Enter TopoJSON. To be honest I don't really understand the mathematics behind it, but TopoJSON allows you to represent the same information as GeoJSON but in a much, much smaller file. I reduced a 362MB GeoJSON file (admittedly, about 200MB being blank spaces) to 2.6MB simply by converting it to TopoJSON! By "quantising" it (essentially, making it less accurate), the file size can be reduced even further, rendering the current file of about 2.2MB - definitely small enough to load in a browser without too much of a wait, albeit not lightning fast.

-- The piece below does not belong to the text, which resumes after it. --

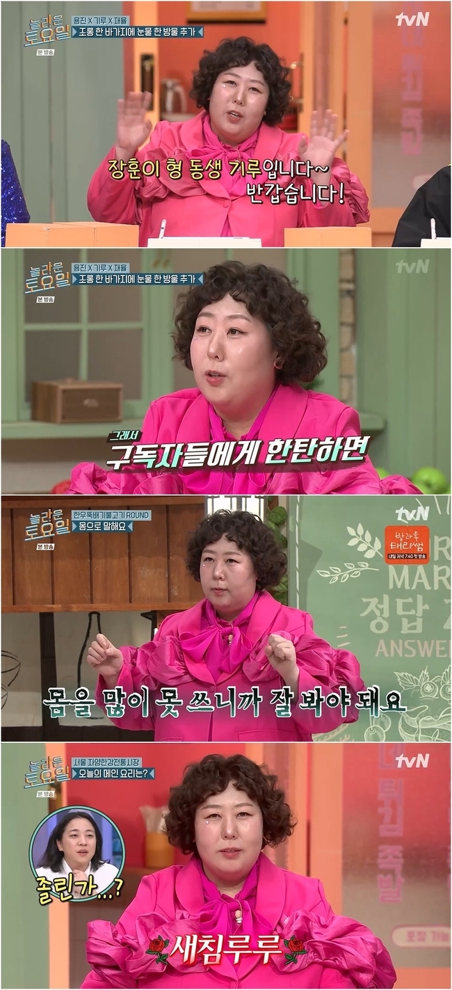 사진제공=tvN‘놀라운토요일’캡처[뉴스엔박양수기자]코미디언신기루가남다른입담으로토요일저녁을뜨겁게달궜다.지난21일(토)방송한tvN예능프로그램‘놀라운토요일’(이하‘놀토’)에출연해뛰어난예능감으로안방극장을웃음바다로만들었다.이날신기루는본격적인시작에앞서남다른기온철학을전해눈길을끌었다.과거두번의출연당시높은촬영장기온때문에힘들었다고고백한그녀는에어컨에가장가까운자리를배정받았지만시원하지않다며아쉬움을토로했다.이어“입춘이지났으니바로파워냉방을부탁한다”고말해시작부터현장을폭소케했다.특히신기루는평소진행하는유튜브채널‘조롱잔치’의타깃이되어조롱을가장많이당하는상황에대해서도대인배다운면모를뽐냈다.그녀는“대장내시경을소방차호스로하느냐는댓글도있다”며기상천외한반응들을언급했다.그러면서“이제는오히려놀려주는게더재밌고즐겁다”며웃음을위해자신을아끼지않는배포로훈훈함을자아냈다.게임이진행되자신기루의오답퍼레이드가본격적으로펼쳐졌다.그녀는‘몸으로말해요’게임도중영화‘태극기휘날리며’를‘태극기부대끼며’라고잘못말해현장을초토화시켰으며,‘라이언일병구하기’문제에서멤버가총모양으로자신을겨누자“옥자”라고자폭하며웃음쐐기를박았다.가사맞히기에서도신기루의입담은멈추지않았다.박명수와소찬휘의곡‘바보야’의작사가가박명수라는힌트를듣자마자“가사에‘썩어버린’이맞을것같다”고추측해웃음을유발했다.이어진디저트게임초성퀴즈에서는“엉덩이부어요?”라는엉뚱한오답을던진뒤,“나중에작가님에게따로문자를보내겠다”며끝까지‘예능집착광’다운면모로활약했다.이처럼독보적인캐릭터와거침없는입담으로독보적인존재감을드러내고있는신기루가또어떤모습을보여줄지더욱기대가모인다.뉴스엔박양수yasupaen33@기사제보및보도자료[email protected]ⓒ뉴스엔.무단전재&재배포금지Copyright©뉴스엔.무단전재및재배포금지.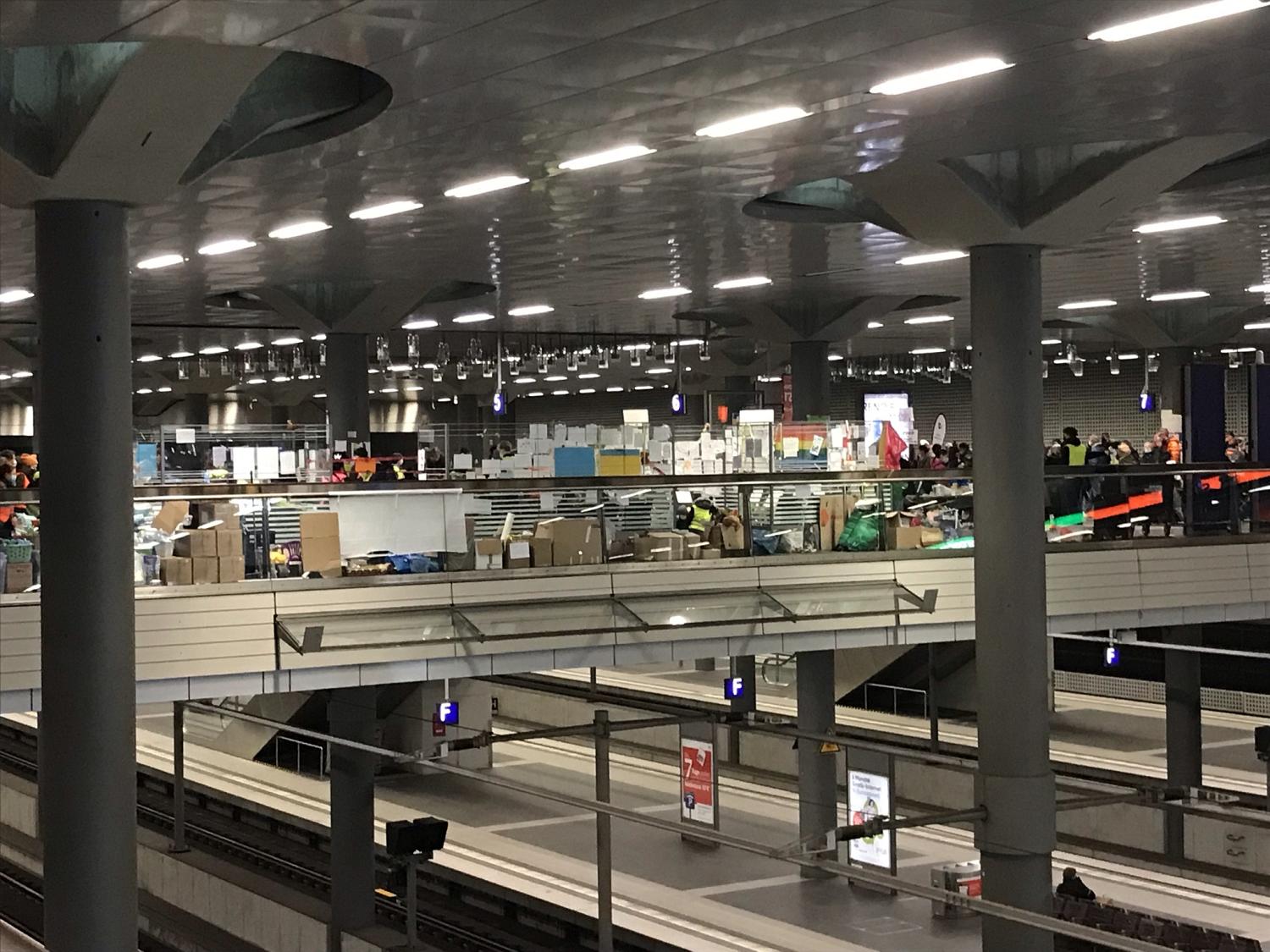Entre deux couloirs, les bénévoles ont installé un point de distribution. Les dons d’objets posent un problème logistique, il faut les stocker et les distribuer. À l’étage inférieur, une zone de repos, avec des matelas au sol.

Good old HTML/CSS/JavaScript

At this point we're ready to start putting together the website to display the map. For this I used plain, vanilla HTML, CSS, and JavaScript. The web is awash with projects, frameworks and blog posts explaining how to use them to create your SPA (Single Page App)™️, but we really don't need any of that. The leaflet docs have a pretty good example of a minimal project, and my map is really not much more complex than that.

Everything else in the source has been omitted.